(What you have to do):
Repeat the listing exactly. Do not carry over any pictures.

(Dataset extract):
● ● ● ● ● ● ●
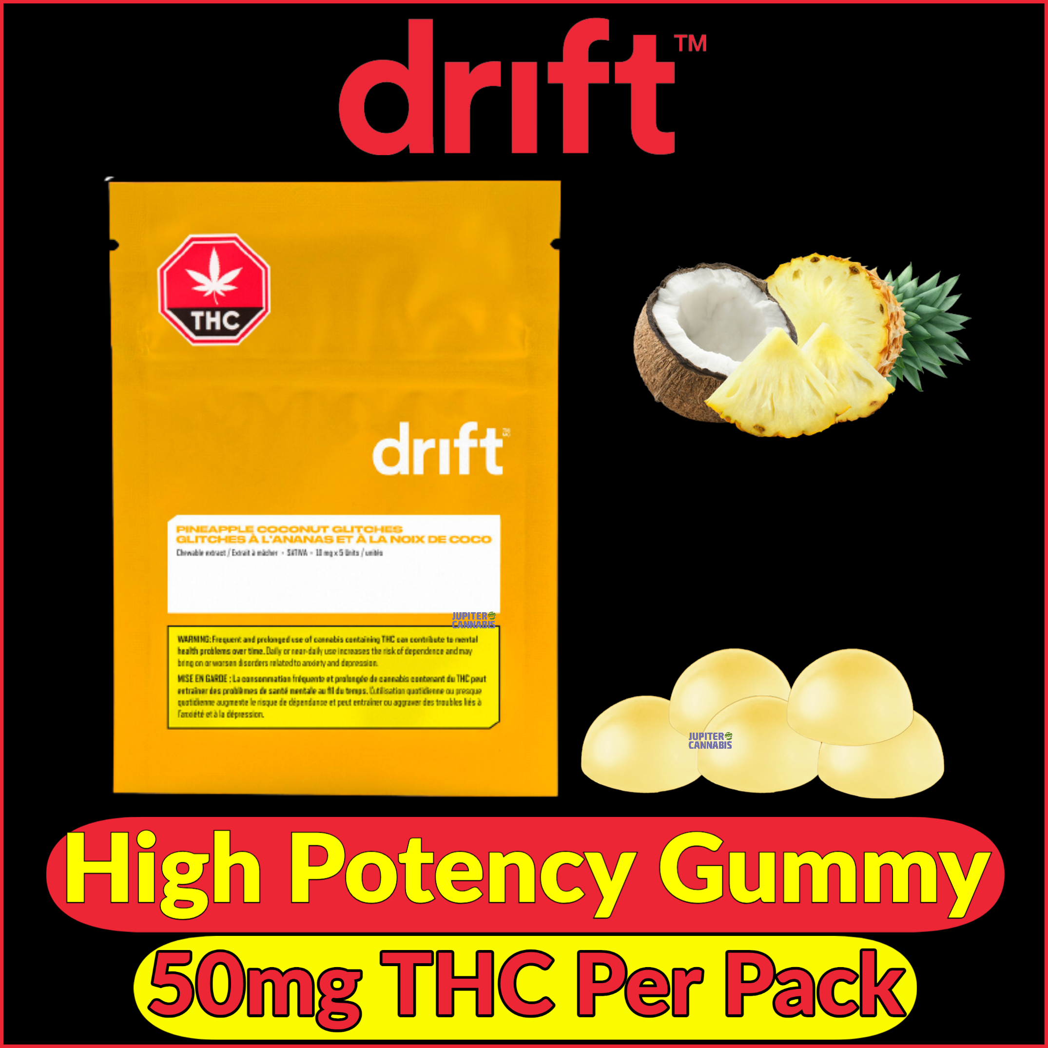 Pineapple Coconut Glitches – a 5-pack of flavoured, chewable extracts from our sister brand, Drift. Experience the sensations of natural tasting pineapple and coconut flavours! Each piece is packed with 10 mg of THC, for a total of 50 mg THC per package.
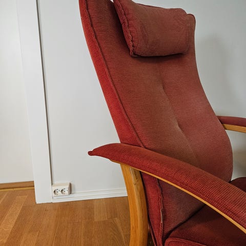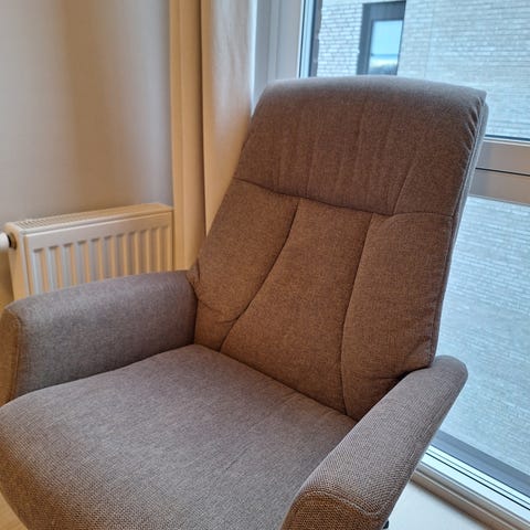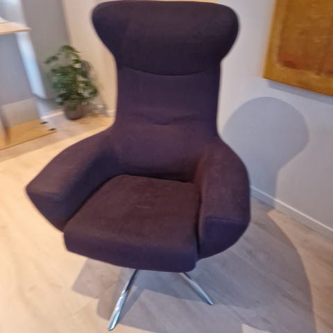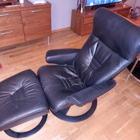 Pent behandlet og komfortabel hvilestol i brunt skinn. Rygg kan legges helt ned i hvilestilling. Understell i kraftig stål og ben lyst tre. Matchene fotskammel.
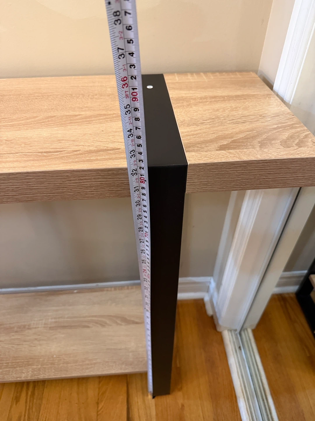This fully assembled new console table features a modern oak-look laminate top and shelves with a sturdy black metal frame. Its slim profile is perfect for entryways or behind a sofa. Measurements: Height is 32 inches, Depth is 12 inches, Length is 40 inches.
● ● ● ● ● ● ●
(Task result):
 Pineapple Coconut Glitches – a 5-pack of flavoured, chewable extracts from our sister brand, Drift. Experience the sensations of natural tasting pineapple and coconut flavours! Each piece is packed with 10 mg of THC, for a total of 50 mg THC per package.
 Pent behandlet og komfortabel hvilestol i brunt skinn. Rygg kan legges helt ned i hvilestilling. Understell i kraftig stål og ben lyst tre. Matchene fotskammel.
This fully assembled new console table features a modern oak-look laminate top and shelves with a sturdy black metal frame. Its slim profile is perfect for entryways or behind a sofa. Measurements: Height is 32 inches, Depth is 12 inches, Length is 40 inches.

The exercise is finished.